Because Miss Eudora was grateful to the editors and writers who helped her in her early career, she always had a genuine interest in helping new and aspiring writers who ask for advice. She had a longtime group of friends who congregated often to discuss books and authors and everyday subjects dear to them.

She lived among her family's furnishings alone after her loving parents died. She was content to wander through the house full of happy memories, with the idea that one day she'd bequeathe this home as a literary house in honor of her parents, who instilled a life-long interest in reading.

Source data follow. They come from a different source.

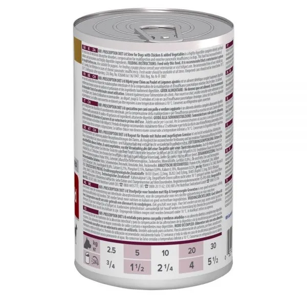 Hill's PRESCRIPTION DIET i/d Stew pentru câini cu Pui și Legume adăugate este o dietă completă, foarte ușor de digerat, pentru reducerea tulburărilor de absorbție intestinală, compensare în cazurile de maldigestie și insuficiență pancreatică exocrină la câini. Această hrană conține niveluri ridicate de sodiu și potasiu și ingrediente ușor de digerat.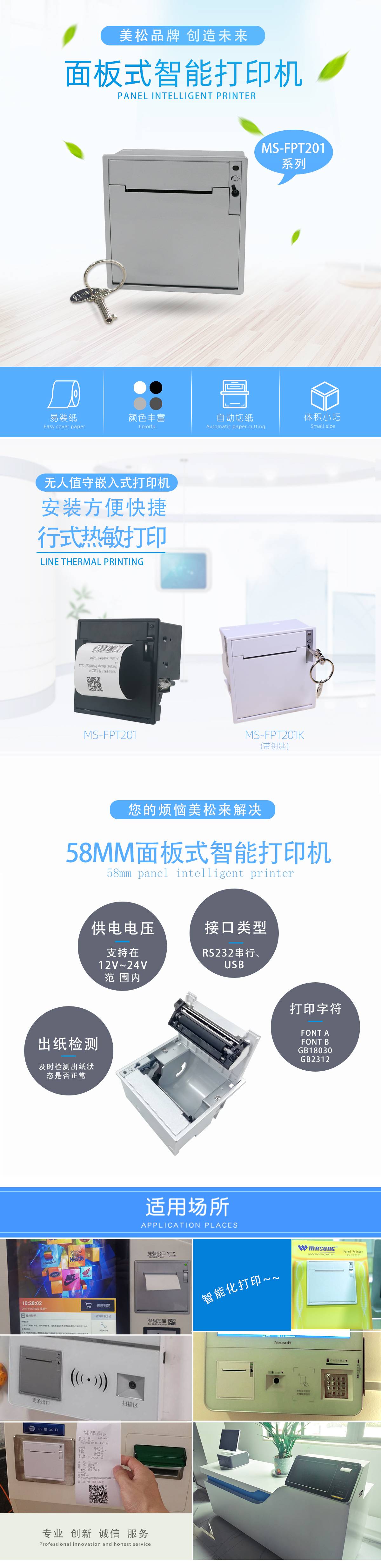 微型打印機(jī)特點(diǎn):前開蓋維護(hù),無(wú)需拆開終端設(shè)備就可實(shí)現(xiàn)換紙和維護(hù),配有鑰匙開蓋/電腦指令開蓋,有紙將盡傳感器檢測(cè),自動(dòng)切紙全半切設(shè)置,是一款無(wú)人值守內(nèi)嵌式熱敏品牌打印機(jī),支持黑白銀三種顏色,外殼可開發(fā)定制絲印各種顏色和圖文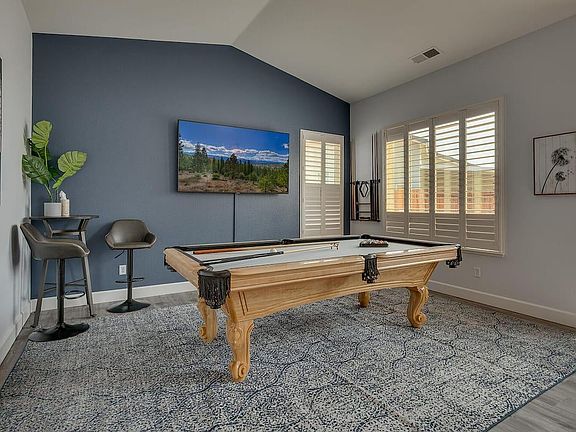 Charming Designer-Furnished House with Stunning Mountain Views, Centrally Located Near Area Attractions: This modern and charming house, with breathtaking mountain views, has been recently updated with new paint, wood flooring, a redesigned backyard, a pool table, and stylish decor. The master suite features a luxurious king bed, sofa, TV, and an ensuite bath with his & her sinks, a soaking tub, a large shower, and a spacious walk-in closet. Two more bedrooms are located on the second level, each with queen beds and TVs, and there is an additional bedroom on the first level with a queen bed and a full bath. The loft area includes a sofabed that can serve as the fifth bedroom. *The Space* This spacious house, filled with natural light, is nestled in the heart of the Double Diamond area of Reno! Boasting 3240 sq ft, this million-dollar home offers four bedrooms plus a loft and three bathrooms. The oversized living areas and open kitchen feature Silestone counters, maple cabinets, and double ovens, providing ample space for everyone. The full bedroom and bathroom on the ground floor add convenience for guests. Relax and play in the large patio and backyard. *Guest Access* Situated in a modern residential neighborhood with a kids' playground nearby, the house offers beautiful landscapes as you drive in. Parking is available in our large driveway or in the garage. Entry to the house is via self check-in SmartLock. *Other Things to Note* Conveniently located: - 25 minutes to Mt. Rose Ski area - 35 minutes to Lake Tahoe - 25 minutes to Virginia City - 30 minutes to Carson City - 15 minutes to Downtown Reno - 15 minutes to downtown Sparks The area features numerous parks, sidewalks, and walking paths, perfect for leisurely strolls. For the more adventurous, there are plenty of hiking trails within 15 minutes. 1 month rent is due at signing. Renter pays for Water, Gas, Electricity, Internet and yard maintenance. Selected non-allergic small dogs (under 20 pounds) allwoed. No smoking allowed. Cleaning fee at the end is $400 (add $200 to the cleaning for any pets).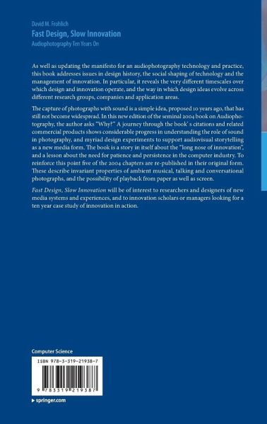 As well as updating the manifesto for an audio photography technology and practice, this book addresses issues in design history, the social shaping of technology and the management of innovation. In particular, it reveals the very different timescales over which design and innovation operate, and the way in which design ideas evolve across different research groups, companies and application areas.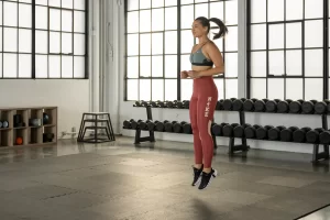 - Levanta los talones hacia arriba mientras saltas.

Equally interesting was the garden, laid out by her mother and carefully tended by daughter until her death in 2001. As Miss Welty once said of this garden full of original plants, her mother wanted a "learning experience, a living picture, always changing." It was this beautiful space that inspired Miss Eudora to include references to gardening in her writings. The "distinctive characteristics of camellas, dahlias, dafodils, and a host of other flowers and plants provided powerful images and metaphors for her fiction"(from the folder "The Garden of The Eudora Welty House"). We walked past a bed of beautiful roses, Mrs. Welty's favorite; around 30 varieties of camelias, past a perennial border of bearded irises, daylillies, sweetpeas, usually yellow or orange in color;a cutting garden of hollyhocks,larkspur, and ragged robins with changes of blooms each season. This area, too, was spiritual, knowing how often Miss Eudora could sit away from the busy street and enjoy the fragrances that surrounded her. It seemed that life stood still for Miss Eudora to capture the senses that she set on paper.

Miss Eudora, for those who are unfamiliar, received the National Book Award, the Pulitzer Prize, the French Legion of Honor, two Guggenheim Fellowships, the William Dean Howells Gold Medal for Fiction, the National Medal of Freedom, the National Medal of Arts, and memberships in the National Institute of Arts and Letters and the American Academy of Arts and Letters.

And she lived a hop and a skip away from my home.